Goal: Brainstorm ideas for personal pronouns
Note: Languages typically have first- and second-person distinctions, at the least.
Tip: These may be old forms with no sources.
Work focus: Learn/Brainstorm/Try
Personal pronouns is a series of pronouns that indicate grammatical person. The table below describes the basic referents of personal pronouns for singular and plural forms—that doesn’t mean you need different forms for singular and plural pronouns (not all languages do), and that doesn’t mean this system would have enough forms for your language (e.g. you may also need a dual form, you may need different class forms for the third-person pronouns, and so on).
Singular | Plural | |
First-person | speaker | speaker + others |
Second-person | addressee | multiple addressees |
Third-person | someone or something not participating in the current conversation | multiple someones or somethings not participating in the current conversation |
At minimum, I encourage you to include distinct first- and second-person pronoun forms.

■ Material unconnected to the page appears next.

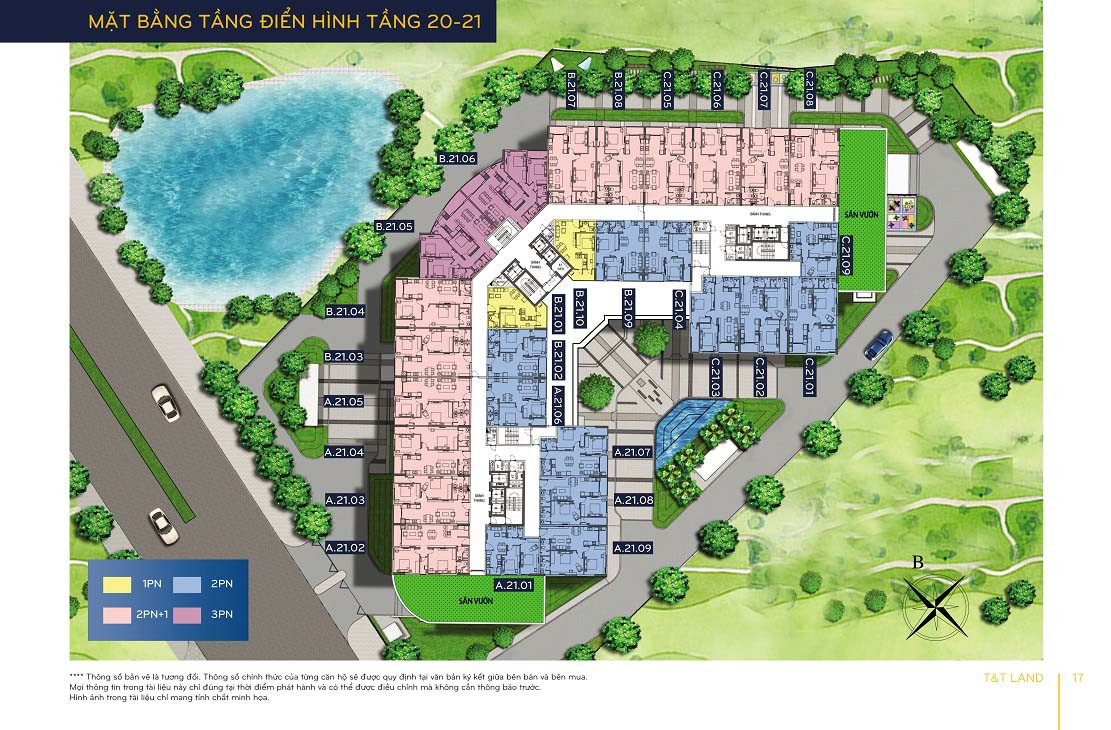 Thiết kế mặt bằng tầng 20-21 của chung cư T&T Riverview

The smallest pronoun systems in natlangs have a way to distinguish the speaker and addressee. However, not all languages have a distinct third-person pronoun form—if they don’t, they typically use another grammatical word, such as a demonstrative pronoun, to fill that need.
If you want third-person pronoun forms, you should incorporate at least as many inflectional distinctions as you have for your nouns (e.g. number, class, case). The forms may be suppletive in those inflections (i.e. unpredictable), or they may be predictable, following the same patterns for marking inflections on your nouns. Also, while you can create lexical sources to grammaticalize your pronoun forms, you may also choose to create pronoun forms as they are. In other words, you could decide these pronoun forms are so old that they simply existed in the language since the language’s origins.

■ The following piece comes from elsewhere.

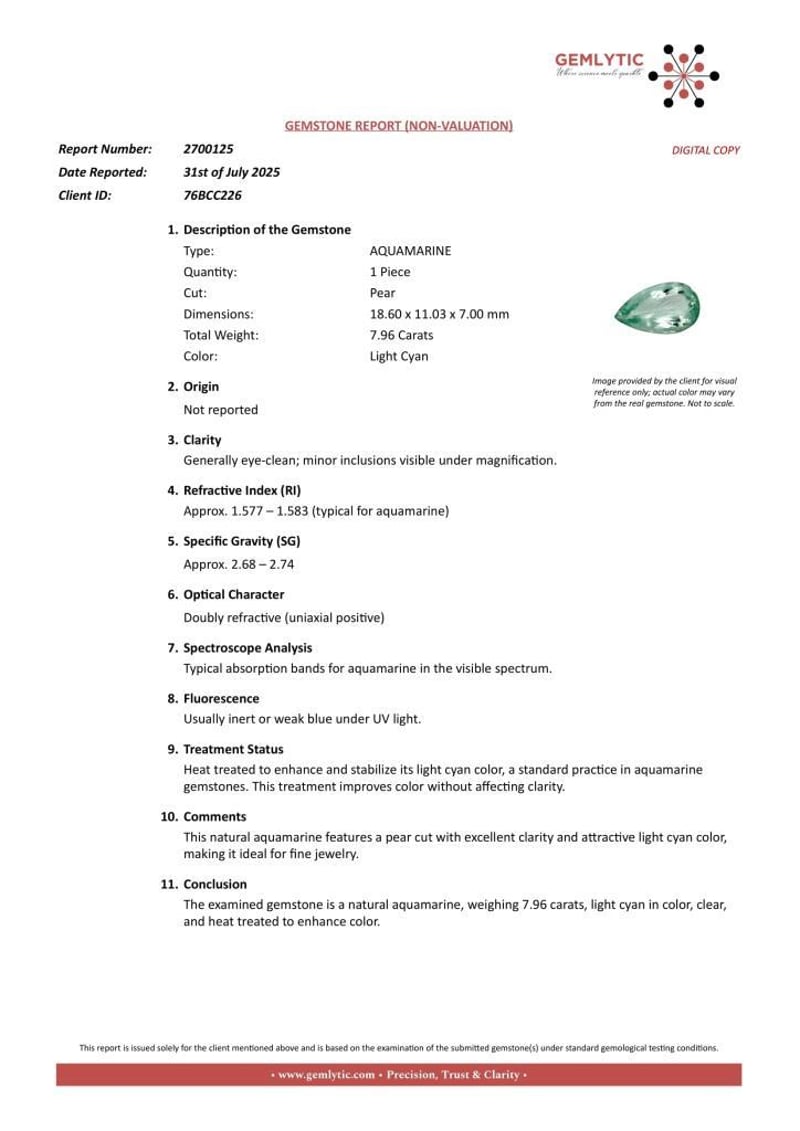 Conclusion: The Examined Gemstone Is A Natural Aquamarine, Weighing 7.96 Carats, Light Cyan In Color, Clear, And Heat Treated To Enhance Color.

As a reminder, pronouns often retain more grammatical forms than nouns, so you could even consider adding inflections that do not occur with nouns, such as having dual pronoun forms without having dual forms marked on the nouns (the assumption would be the dual number marking was simply lost for the nouns during your language’s history).
Another option to consider for you pronoun system is formality, especially formality in your second-person forms (the second-person pronouns are generally more prone to formal distinctions). If it makes sense for your speakers and their world to have a formal distinction, then you need to start building one with the pronoun system.